In the department of news that got reported here two months ago, the WaPo is reporting on FISC’s approval to let the government search through incidentally collected information. Its news hook is that the 2011 move reversed an earlier 2008 ban that the government had asked for.
The court in 2008 imposed a wholesale ban on such searches at the government’s request, said Alex Joel, civil liberties protection officer at the Office of the Director of National Intelligence (ODNI). The government included this restriction “to remain consistent with NSA policies and procedures that NSA applied to other authorized collection activities,” he said.
But in 2011, to more rapidly and effectively identify relevant foreign intelligence communications, “we did ask the court” to lift the ban, ODNI general counsel Robert S. Litt said in an interview. “We wanted to be able to do it,” he said, referring to the searching of Americans’ communications without a warrant.

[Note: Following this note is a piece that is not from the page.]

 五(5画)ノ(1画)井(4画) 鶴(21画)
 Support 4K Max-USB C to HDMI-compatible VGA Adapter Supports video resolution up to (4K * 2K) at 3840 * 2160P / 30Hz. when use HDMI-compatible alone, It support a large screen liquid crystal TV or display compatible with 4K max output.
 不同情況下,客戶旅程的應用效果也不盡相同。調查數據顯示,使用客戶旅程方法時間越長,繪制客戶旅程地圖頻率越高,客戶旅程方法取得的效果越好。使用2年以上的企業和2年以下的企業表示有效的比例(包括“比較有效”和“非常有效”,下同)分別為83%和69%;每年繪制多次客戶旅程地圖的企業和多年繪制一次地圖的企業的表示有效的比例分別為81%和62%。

It may well be that the NSA was prohibited from searching on incidentally collected information, but not all parts of the government were. In his October 3, 2011 FISC opinion, John Bates pointed to some other minimization procedures allowing such searches to justify his approval for NSA to do so.
This relaxation of the querying rules does not alter the Court’s prior conclusion that NSA minimization procedures meet the statutory definition of minimization procedures. [2 lines redacted] contain an analogous provision allowing queries of unminimized FISA-acquired information using identifiers — including United States-person identifiers — when such queries are designed to yield foreign intelligence information. See [redacted] In granting [redacted] applications for electronic surveillance or physical search since 2008, including applications targeting United States persons and persons in the United States, the Court has found that the [redacted] meet the definition of minimization procedures at 50 U.S.C. §§ 1801 (h) and 1821(4). It follows that the substantially similar querying provision found at Section 3(b)(5) of the amended NSA minimization procedures should not be problematic in a collection that is focused on non-United States persons located outside the United States and that, in the aggregate, is less likely to result in the acquisition of nonpublic information regarding non-consenting United States persons.

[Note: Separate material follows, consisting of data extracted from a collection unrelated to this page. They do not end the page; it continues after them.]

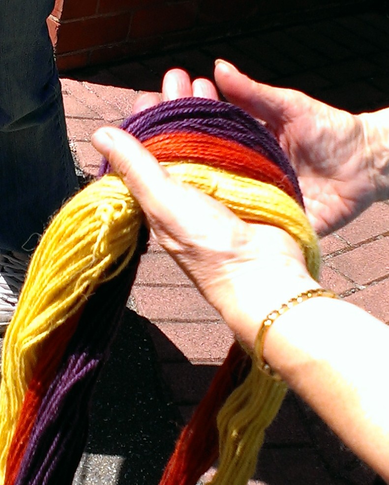 There was a pot of logwood that came out so deep it was virtually black.  There was a pot of E Scoparia bark that gave some burgundy on the first round and some tan for a skein added in later.  There was an E Scoparia leaf pot and an E Cinerea leaf pot–oranges of different shades.  The dye room at the Guild has four gas burners as well as the copper–so we went wild.
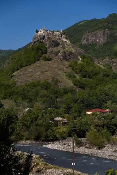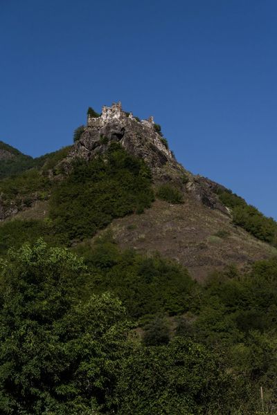 Крепость в очень плохом состоянии – на её стенах появились глубокие трещины, в каких-то местах камни достаточно просто расшатать рукой, и они выпадут из, когда-то крепких и надёжных стен. И снова мне повезло – мне встретился проводник. Я благодарила его, а он благодарил меня)) Потому что он, оказывается, уже давно обещал своим детям сводить их к крепости, но….. обещание долгое время так и оставалось только обещанием. И тут появляюсь я с желанием подняться к крепости. Так мы дружным отрядом и поползли к Миндацихе!
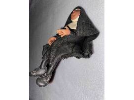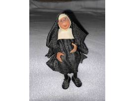 Sr. Zita has donated three cute "Nun" statue. This is the first. This nun can sit on the edge of a shelf or counter. The statue is 5 1/4" from the tip of her toes to the top of her veil and is 3 1/2" wide at its widest point. The second pic shows how the statue is curved to fit on a shelf.
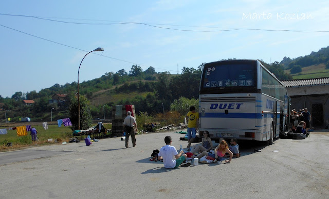 Na terenie fabryki spało się nam naprawdę dobrze, niestety nasz sen przerwał po godzinie 6 rano jeden z jej pracowników... Okazało się, że w miejscu, w którym wczoraj kazano nam zaparkować, nie wolno jednak parkować. Pan Tadziu był zmuszony przeparkować DUET, a my z naszymi karimatami przenieśliśmy się na trawnik. Na trawniku nie spało się już tak dobrze, poszliśmy więc umyć się w kraniku, a następnie zjedliśmy śniadanie - spaghetti!
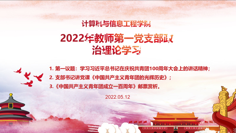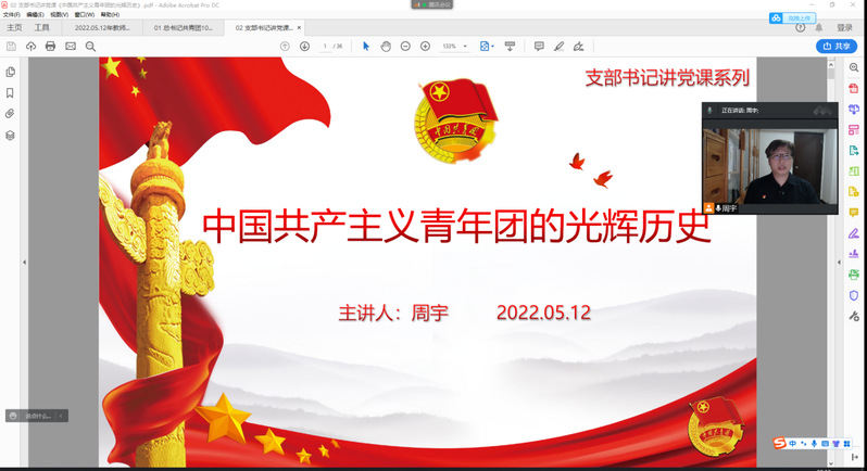 为深入学习贯彻习近平总书记在庆祝中国共产主义青年团成立100周年大会上的重要讲话精神,以更加昂扬的姿态在实现中华民族伟大复兴中国梦的新征程上奋勇前进,计算机与信息工程学院教师第一党支部于5月12日以线上的形式开展了政治理论学习会,会议由教师第一党支部书记周宇主持。

We already had reason to believe other agencies do this, because when the Senate Intelligence Committee discussed it, they described the intelligence community generally wanting such searches.
Finally, on a related matter, the Committee considered whether querying information collected under Section 702 to find communications of a particular United States person should be prohibited or more robustly constrained. As already noted, the Intelligence Community is strictly prohibited from using Section 702 to target a U.S. person, which must at all times be carried out pursuant to an individualized court order based upon probable cause. With respect to analyzing the information lawfully collected under Section 702, however, the Intelligence Community provided several examples in which it might have a legitimate foreign intelligence need to conduct queries in order to analyze data already in its possession. [my emphasis]
Bates’ mention of targeting US persons strongly suggests FBI was the agency in question (though the CIA may as well). (If this practice weren’t already permitted, I would bet it got approved in the aftermath of the Nidal Hasan attack, which might explain why so many more Americans who had communicated with Anwar al-Awlaki or Samir Khan were caught in stings after that point.)
So did Ronald Litt and Alex Joel tell Ellen Nakashima this to hide a much more intrusive practice at FBI (which they also oversee)?